→ DATASET SECTION
>>

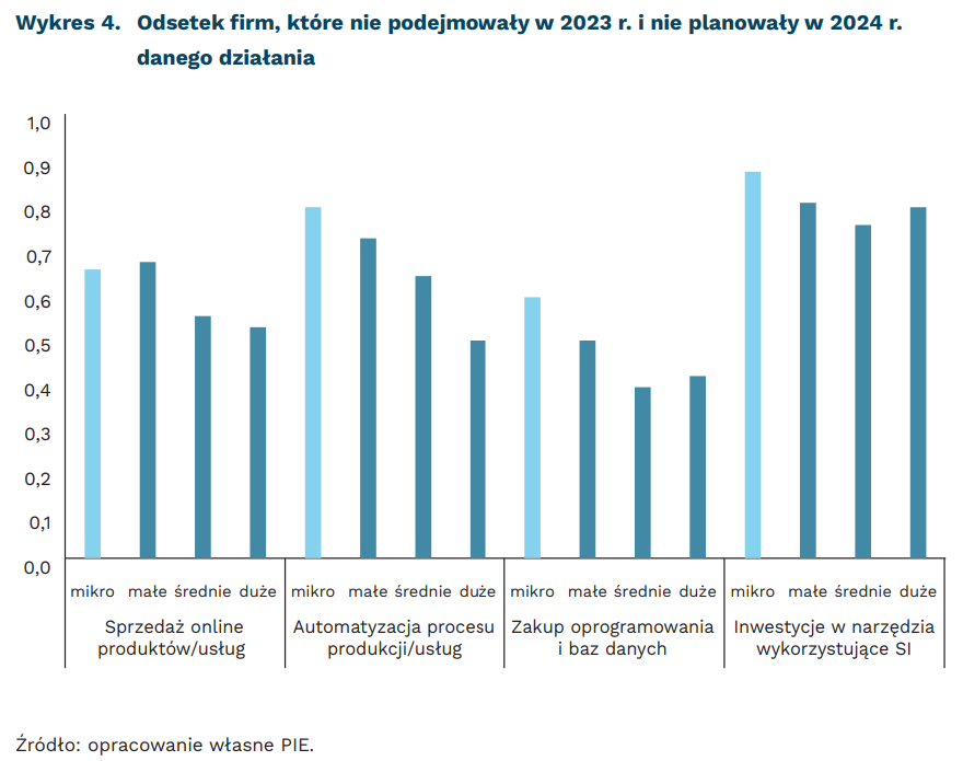 Z badań prowadzonych przez PIE wynika, że aż 87 proc. mikroprzedsiębiorstw nie korzysta i nie planuje korzystać z rozwiązań sztucznej inteligencji (SI) – najwięcej ze wszystkich grup wielkościowych. W pytaniach o automatyzację procesów produkcji/usług, zakup oprogramowania i baz danych czy inwestycje w SI ta grupa wypadała gorzej niż pozostałe. Jedynie w sprzedaży online wartości są nieco wyższe niż dla małych przedsiębiorstw: 28 proc. prowadzi tego typu działania, 34 proc. planowało je na 2024 r. (odpowiednie wartości dla małych przedsiębiorstw to 25 proc. i 33 proc.).
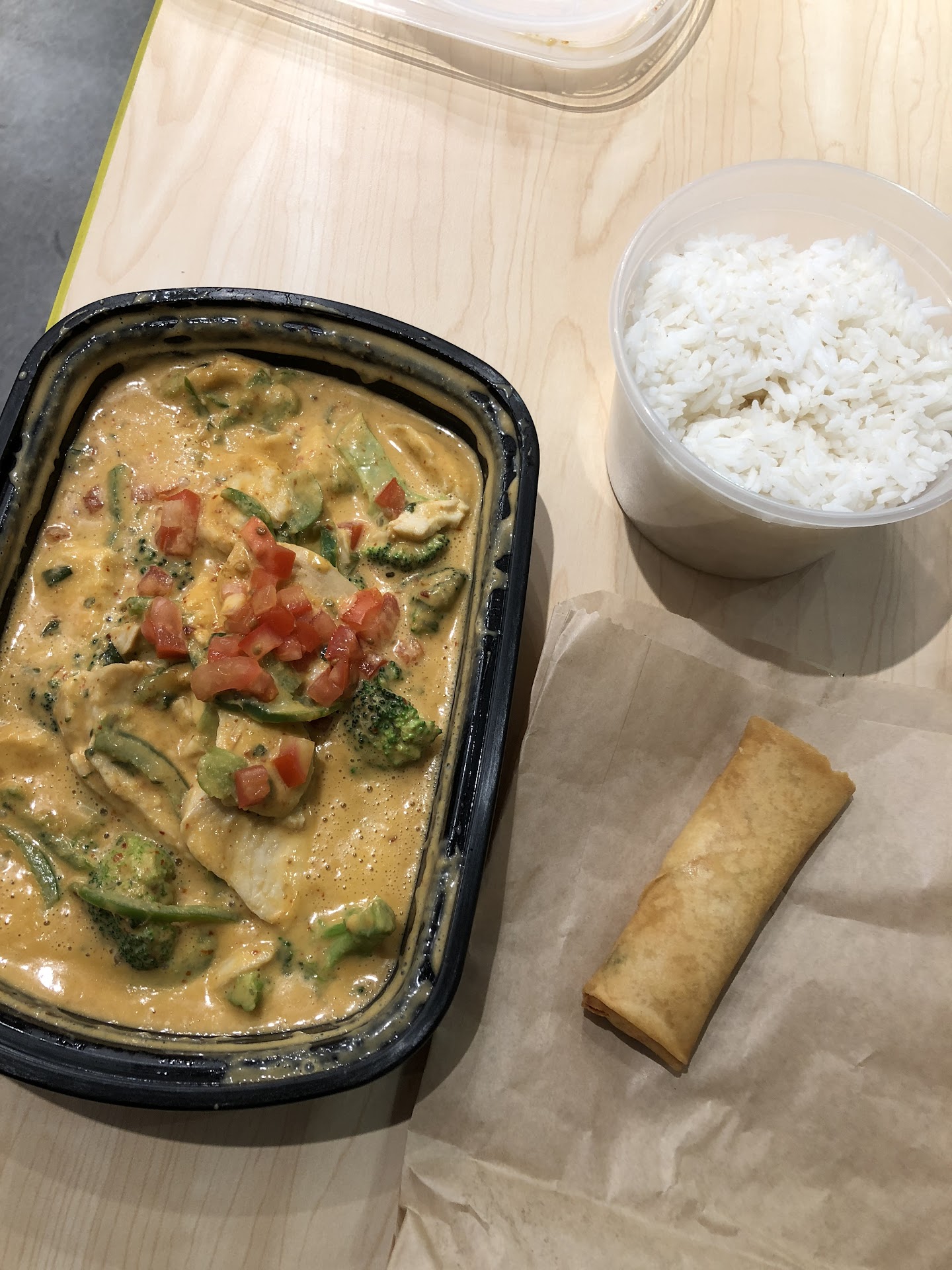 I had ordered Penang curry with steamed rice (spice level 3/3) along with one crab and cheese spring roll. Food arrived in less than 7 minutes which was a surprise! Best part? Their portion size is HUGE! One is good for two people or two meals! The curry had all the ingredients perfectly and unlike other places, I could taste the coconut milk!! Spring roll was great too for its value! I WAS SO HAPPY!!!
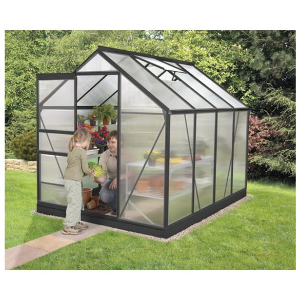 Komplet rastlinjaka iz prašno lakiranih aluminijastih profilov in zasteklitve iz približno 4 mm debelih, UV-stabiliziranih dvostenskih plošč (PC).
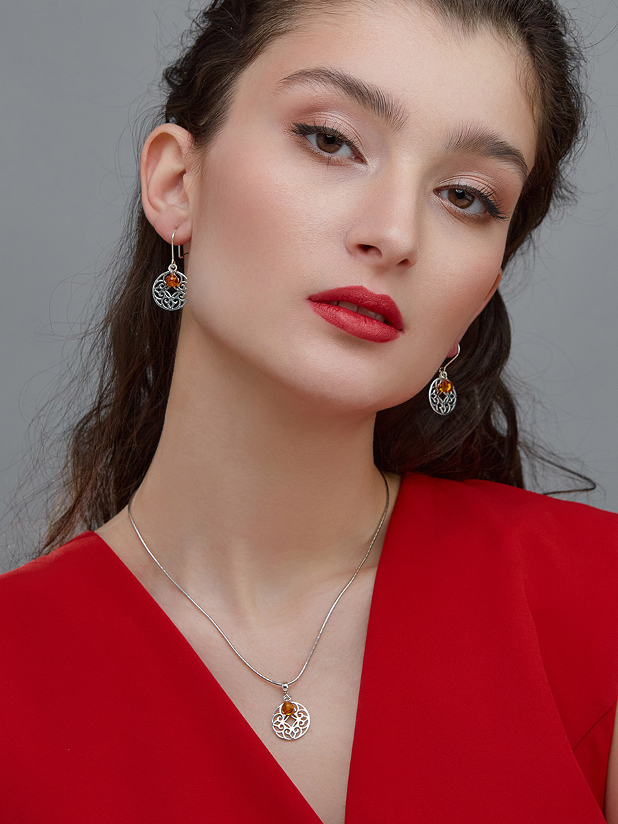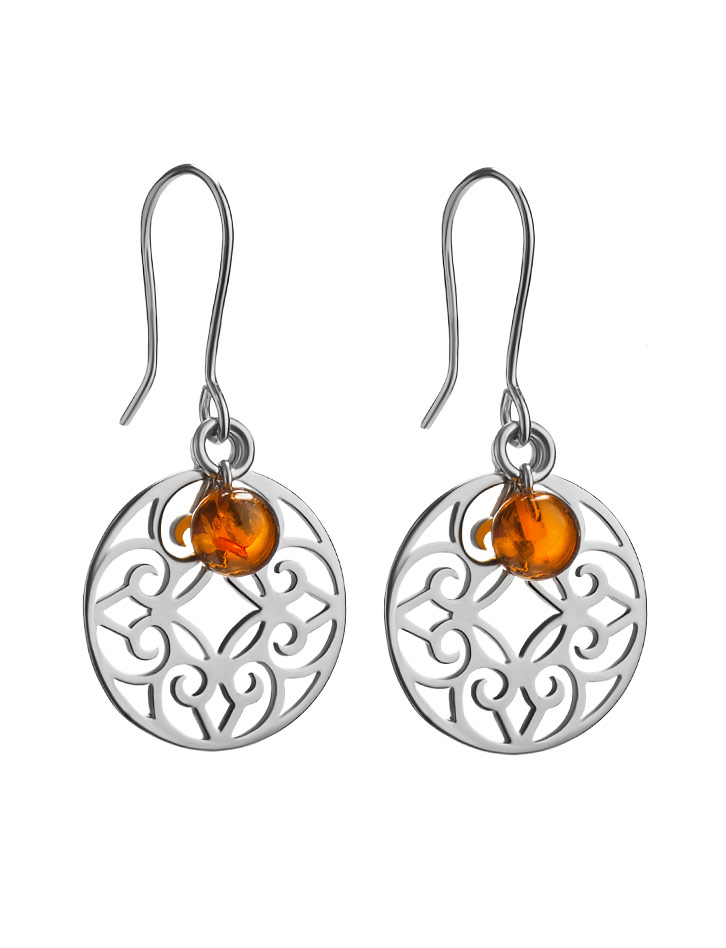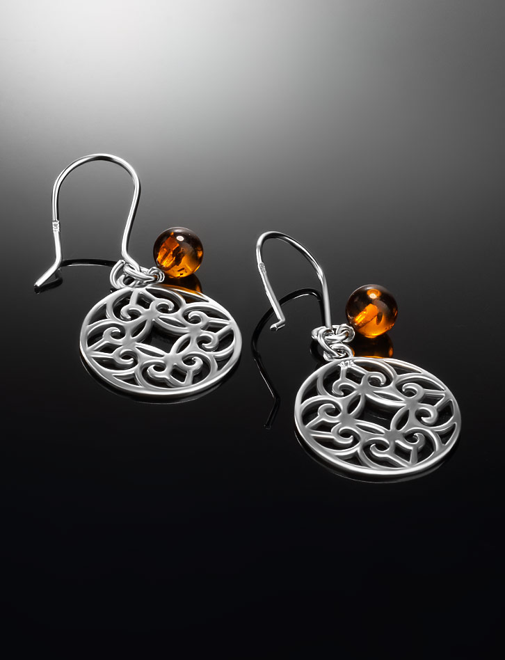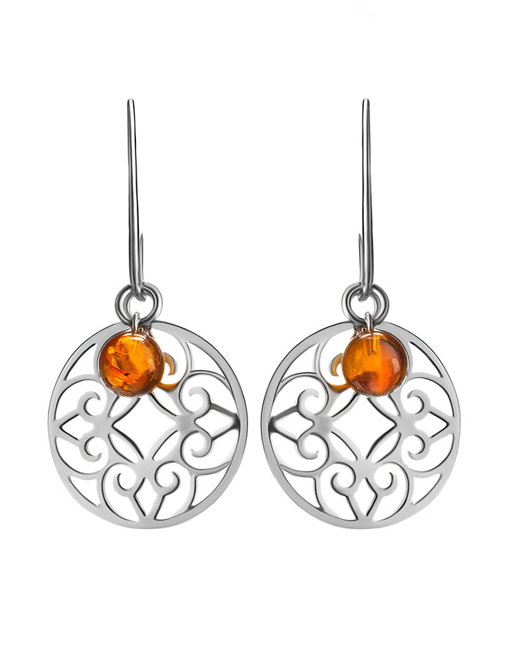 Изящные ажурные серьги «Арабеска» с натуральным балтийским янтарём

<<

→ ACTIVITY
Please return, exactly and with pictures omitted, the lines from the line holding "I had ordered" through the end of the data above, inclusive.

→ REPLY
 I had ordered Penang curry with steamed rice (spice level 3/3) along with one crab and cheese spring roll. Food arrived in less than 7 minutes which was a surprise! Best part? Their portion size is HUGE! One is good for two people or two meals! The curry had all the ingredients perfectly and unlike other places, I could taste the coconut milk!! Spring roll was great too for its value! I WAS SO HAPPY!!!
 Komplet rastlinjaka iz prašno lakiranih aluminijastih profilov in zasteklitve iz približno 4 mm debelih, UV-stabiliziranih dvostenskih plošč (PC).
 Изящные ажурные серьги «Арабеска» с натуральным балтийским янтарём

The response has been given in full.